Un exemple : l'erreur courante d'utiliser un médium au plomb pour réaliser des
glacis de finition au-dessus d'une peinture moins chargée de siccatif et encore
fraîche en profondeur.
Par ailleurs, l'excès de siccatifs ou la conjugaison d'agents
chimiques différents peut entraîner des altérations des couleurs à moyen
ou long terme.
La
litharge
Le premier agent siccatif pour la peinture à l'huile (quelle que soit
l'huile) a été le monoxyde de plomb jaune (PbO), dit "litharge"
(voir composition et étymologie dans le glossaire),
parfois "litharge d'or", très abusivement car ce produit jaunâtre n'a guère de
ressemblance avec le précieux métal. Cette coloration est sensible dans les
"huiles cuites" et
dans certains siccatifs de Courtrai.
Il s'agit d'une poudre assez lourde à adjoindre à
hauteur de 5% grand maximum du poids de l'huile, en pleine cuisson
si possible (bain-marie ou autre procédé). Le produit obtenu est nommé un peu
abusivement "huile cuite". Voir absolument
Cuisine
des huiles.
L'oxyde de plomb occasionne une siccativation progressive bien tempérée, en profondeur
comme en surface, qui est assez saine pour la peinture à l'huile mais par contre il est incompatible avec les couleurs au soufre qui sont fort
nombreuses (voir Compatibilités
et incompatibilités in Les pigments, les couleurs).
C'est un poison mortel à l'état concentré et
pulvérulent, donc potentiellement très dangereux.
A manier avec beaucoup de précautions, après apprentissage en atelier.

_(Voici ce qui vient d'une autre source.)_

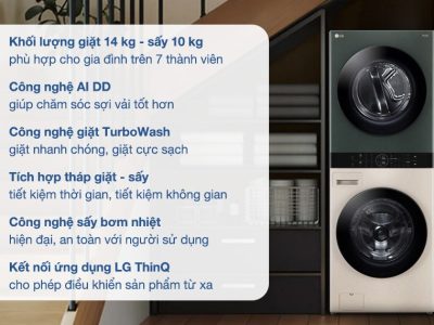 Máy giặt sấy LG WashTower Inverter giặt 14 kg – sấy 10 kg WT1410NHEG
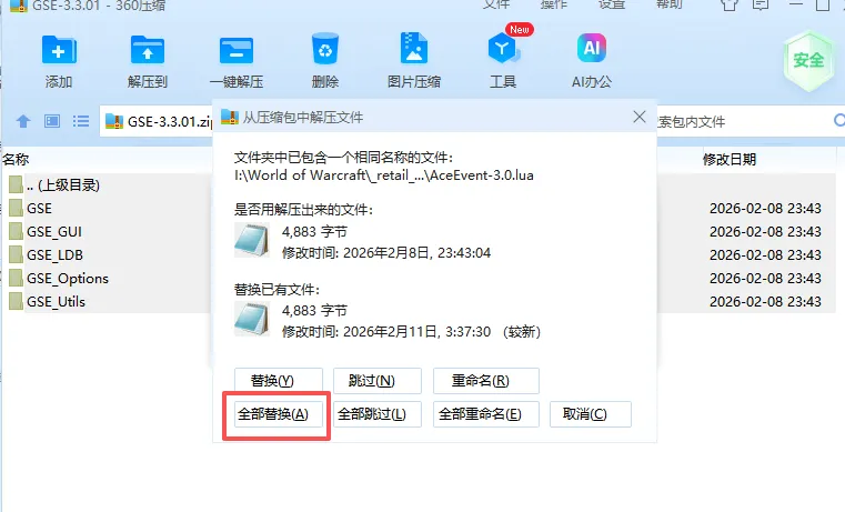 4️⃣如果你原来有下载GSE就会提示你是否替换全部,点是就可以了,点完进游戏,一样的返回游戏角色或者/RL刷新游戏界面!

Conserver ce produit hors de portée des enfants et des animaux car le plomb
présente ce que l'on pourrait nommer un inconvénient particulièrement vicieux
: il a bon goût. N'hésitez pas à le stocker dans un
lieu fermant à clef.
Ne pas le jeter à la poubelle : il s'agit d'un puissant polluant. De
nombreuses déchetteries municipales
proposent un enlèvement gratuit à domicile.
Les Courtrai
Il existe essentiellement deux variétés principales de siccatifs de
Courtrai : une blanche, à base d'oxyde de plomb, et une brune, associant oxyde
de plomb et oxyde de manganèse.
Selon Xavier de Langlais, "le Courtrai"
(soit la variété originelle) correspond au Courtrai dit aujourd'hui "brun", qui
présente certains petits défauts. Voir ci-dessous.
Plus utilisée de nos jours, la variété dite "Courtrai blanc" est une litharge
(de plomb seulement) traitée, diluée dans l'essence mais quand
même assez toxique pour arborer la tête de mort. Elle apporte quelques
améliorations par rapport au produit original, une litharge
simplement diluée dans l'essence, et plus encore en comparaison avec les "huiles
cuites". Le Courtrai blanc est très peu coloré ; il n'est pas lui-même oléagineux.
Comme les autres variétés, il peut être employé à froid à hauteur de 1 à 5% en
fonction des nécessités et de la siccativité naturelle des pigments employés.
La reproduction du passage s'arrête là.